HOW TO ASK FOR CONSENT TO DATA LINKAGE: THINGS WE’VE LEARNT
Data linkage usually requires informed consent of respondents, whether for legal or ethical reasons. A common problem is that when consent questions are asked in self-completion surveys, respondents are much less likely to consent than when they are asked for consent in interviewer administered surveys. In the existing literature, predictors of consent are mostly inconsistent, between studies, but also between different consents asked within one study. In addition, experiments with the wording of consent questions have often had no or inconsistent effects. Why is this? And what can be done to increase informed consent to data linkage? This presentation provides an overview of what we have learnt from qualitative in-depth interviews and a series of experiments implemented in two UK probability household panels (the Understanding Society Innovation Panel and COVID-19 study) and in the UK PopulusLive online access panel. We address the following questions. (1) How do respondents decide whether to consent to data linkage? (2) Why are respondents less likely to consent in web than CAPI surveys? (3) How best to ask for multiple consents within a survey? (4) Which wording and formats affect informed consent and why? We end the overview with a summary of the practical implications for how best to ask for consent to data linkage.

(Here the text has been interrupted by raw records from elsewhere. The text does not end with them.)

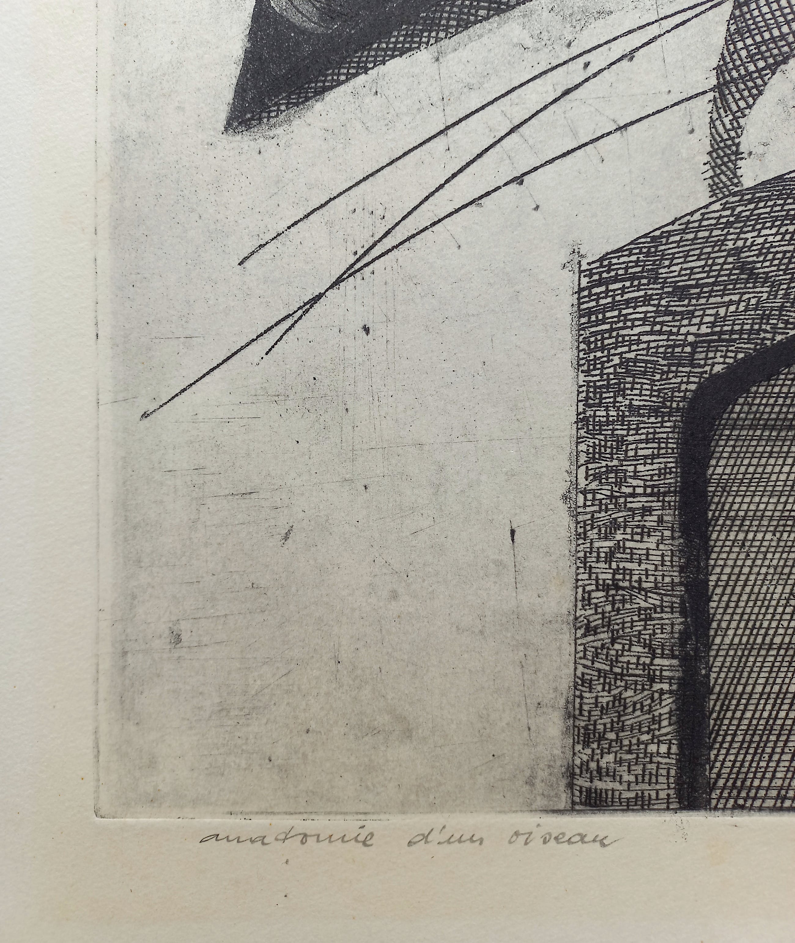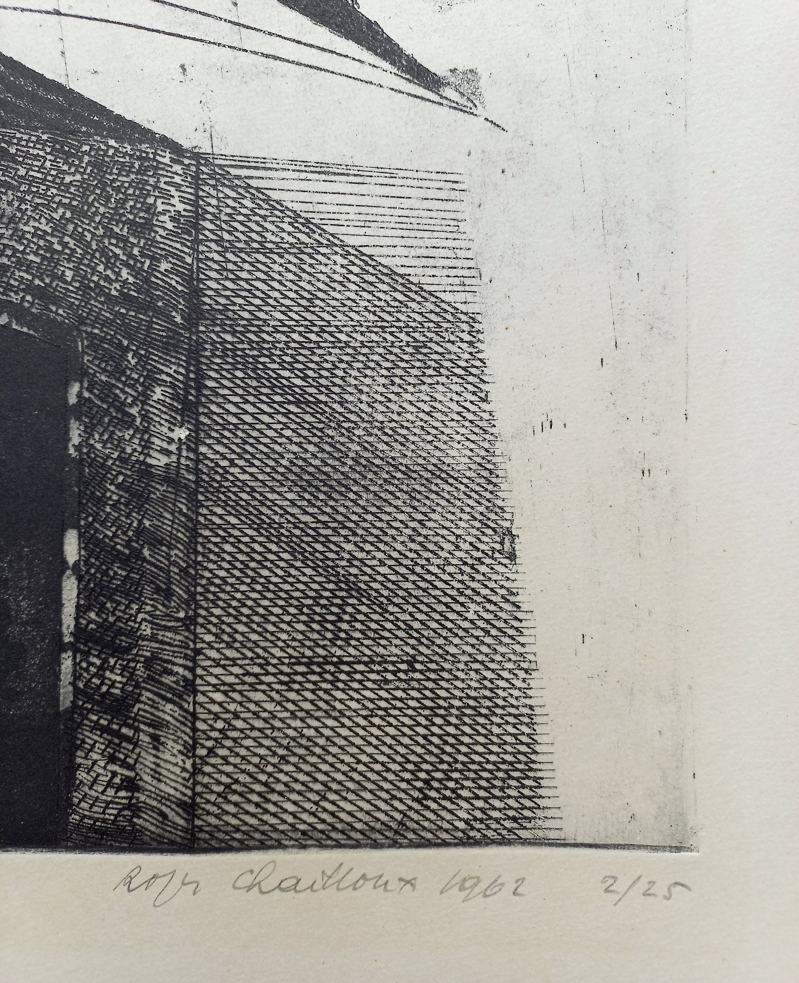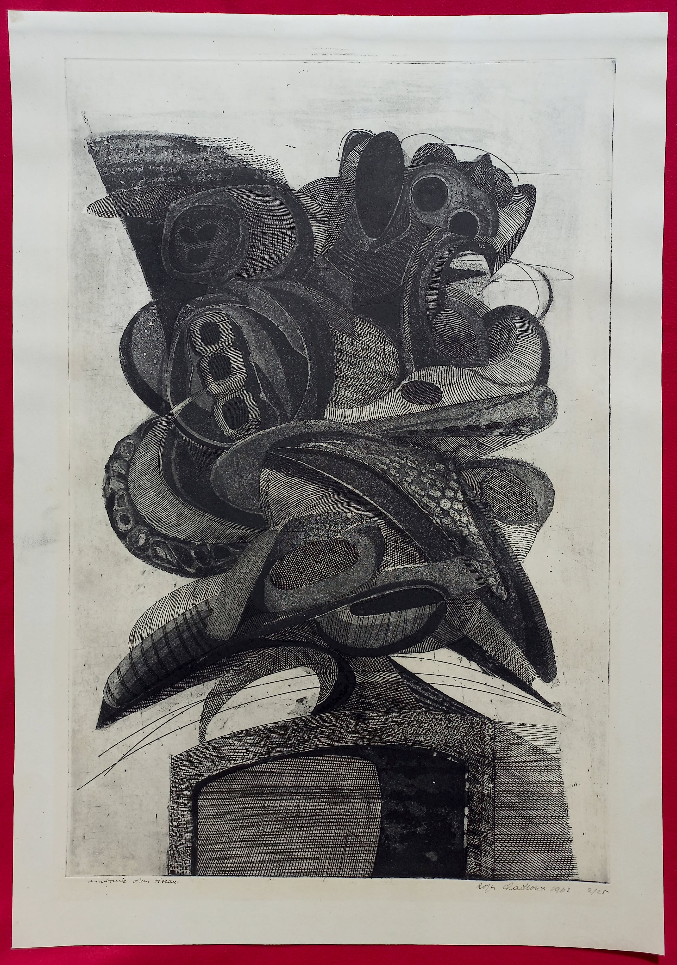 Zeer mooie compositie van Roger Chailloux uit 1962. Aquatint ets op geschept papier, met potlood gesigneerd, getiteld, gedateerd (1965) en genummerd (2/25). In goede conditie.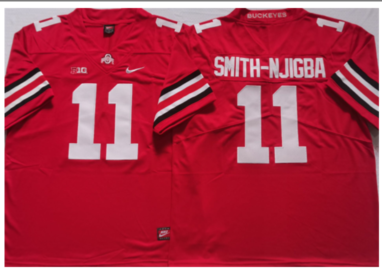 Men Ohio State Buckeyes #11 SMITH-NJIGBA Red Stitched Jersey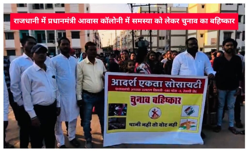 राजधानी रायपुर के पीएम आवास हितग्राहियों का फूटा गुस्सा,पोस्टर लगाकर किया चुनाव का बहिष्कार,हितग्राहियों ने सरकार पर लगाए गंभीर आरोप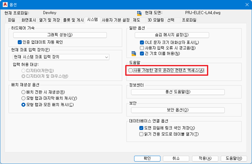 반응형 도움말을 보려고 하면 빈 페이지만 나타납니다. OPTIONS 명령어를 실행하거나 작업공간 단축메뉴에서 옵션을 선택합니다. 시스템 탭에서 도움말 그룹의 체크박스 선택을 해제합니다. 짜장~ 반응형 공유하기 게시글 관리 잡동사니 저작자표시 비영리 변경금지 (새창열림)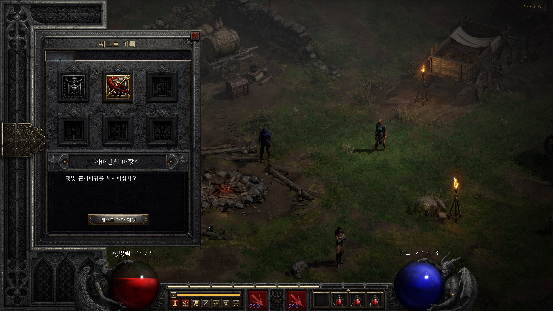 악의 소굴을 정화하고 룰루랄라 핏빛 큰까마귀(블러드 레이븐)을 처치하고 양쪽 묘지를 털고 아이템을 정리하던 중에 '거래를 기다린다'라는 말이 나오고 그대로 넋 다운... 내 넋도 날라갔다.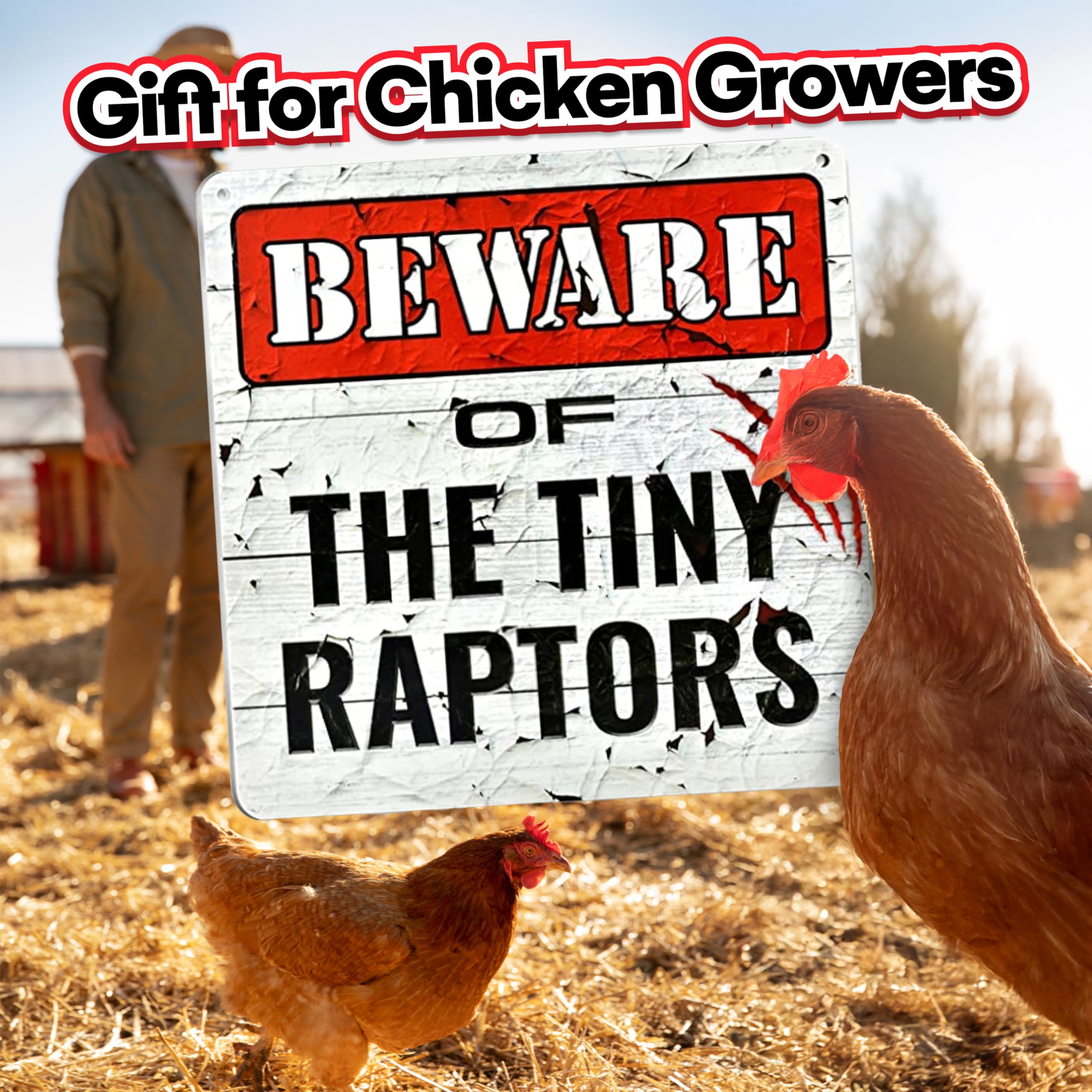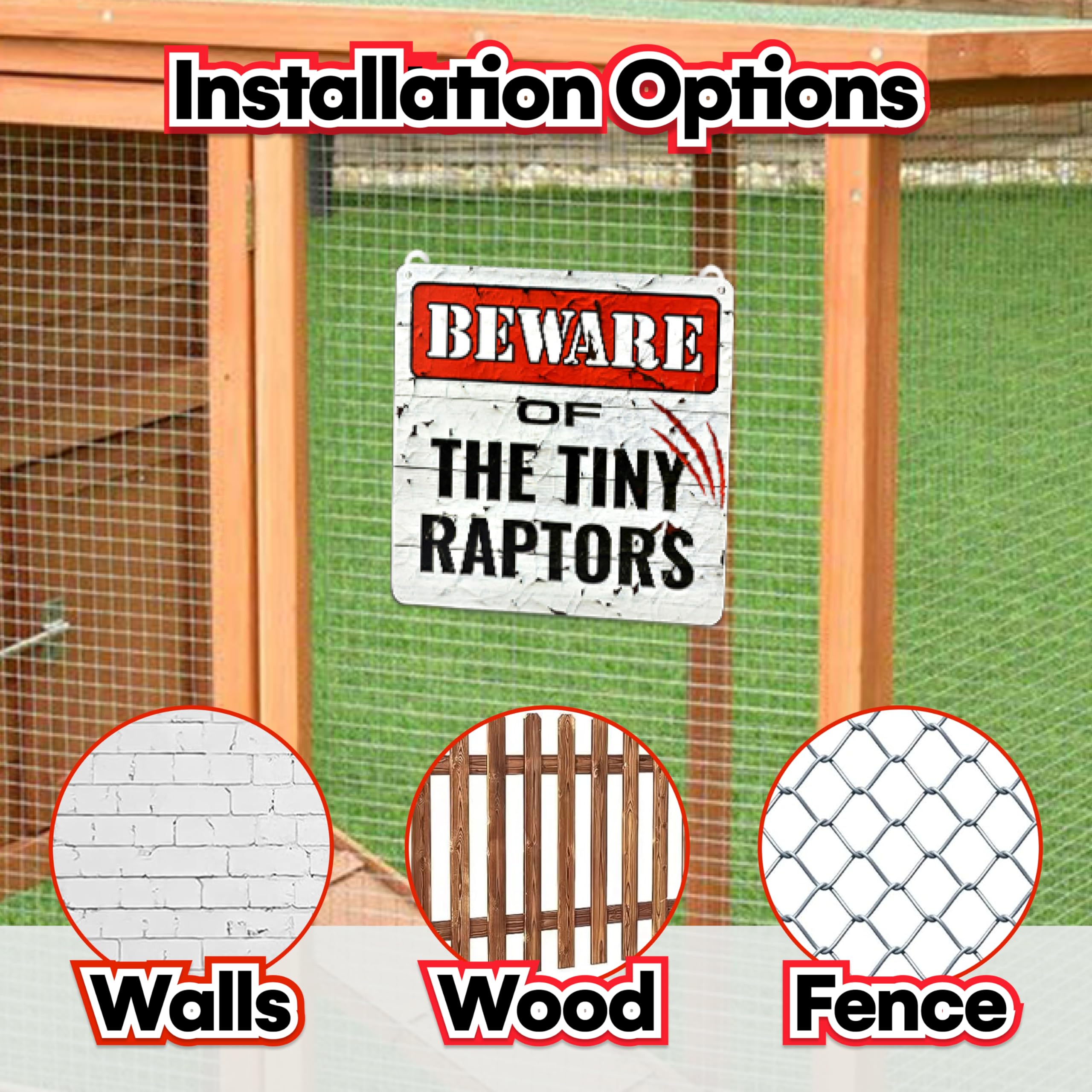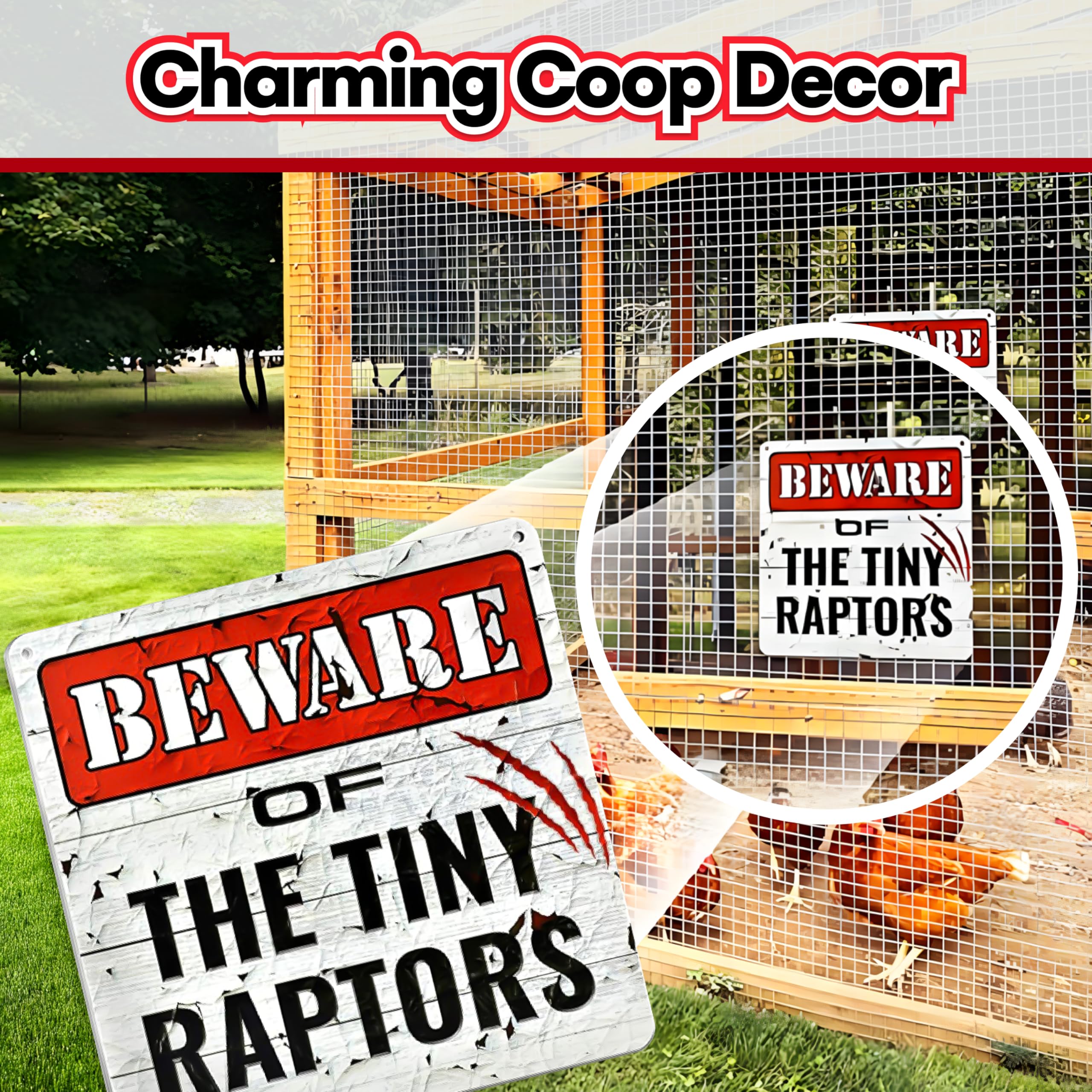 Bigtime Signs Tiny Raptors Hühner-Dekoration, 30,5 x 30,5 cm, Hühnerhof-Dekoration, Hühnerstall-Zubehör für Hühner-Futterspender, Geschenke für Hühnerliebhaber, PVC, 30,5 x 30,5 cm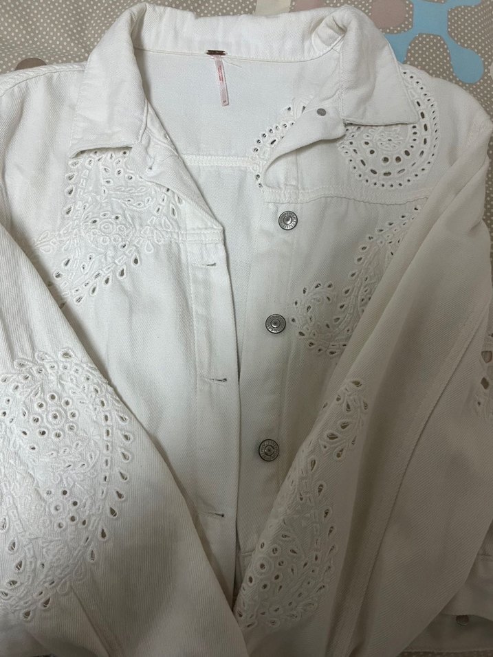 Nakışlı desenlere sahip beyaz keten gömlek, yakası çıtçıtlı ve düğmeli. Uzun kollu, bol kesim bohem tarzında, günlük kullanıma uygun.

Annette Jäckle is Professor of Survey Methodology at the Institute for Social and Economic Research at the University of Essex, UK and Associate Director of Innovations and Co-Investigator of the UK Household Longitudinal Study: Understanding Society. Her research interests are in methodology of data collection for longitudinal studies, mixed mode data collection, questionnaire design, respondent consent to data linkage, and new ways of using mobile devices for survey data collection.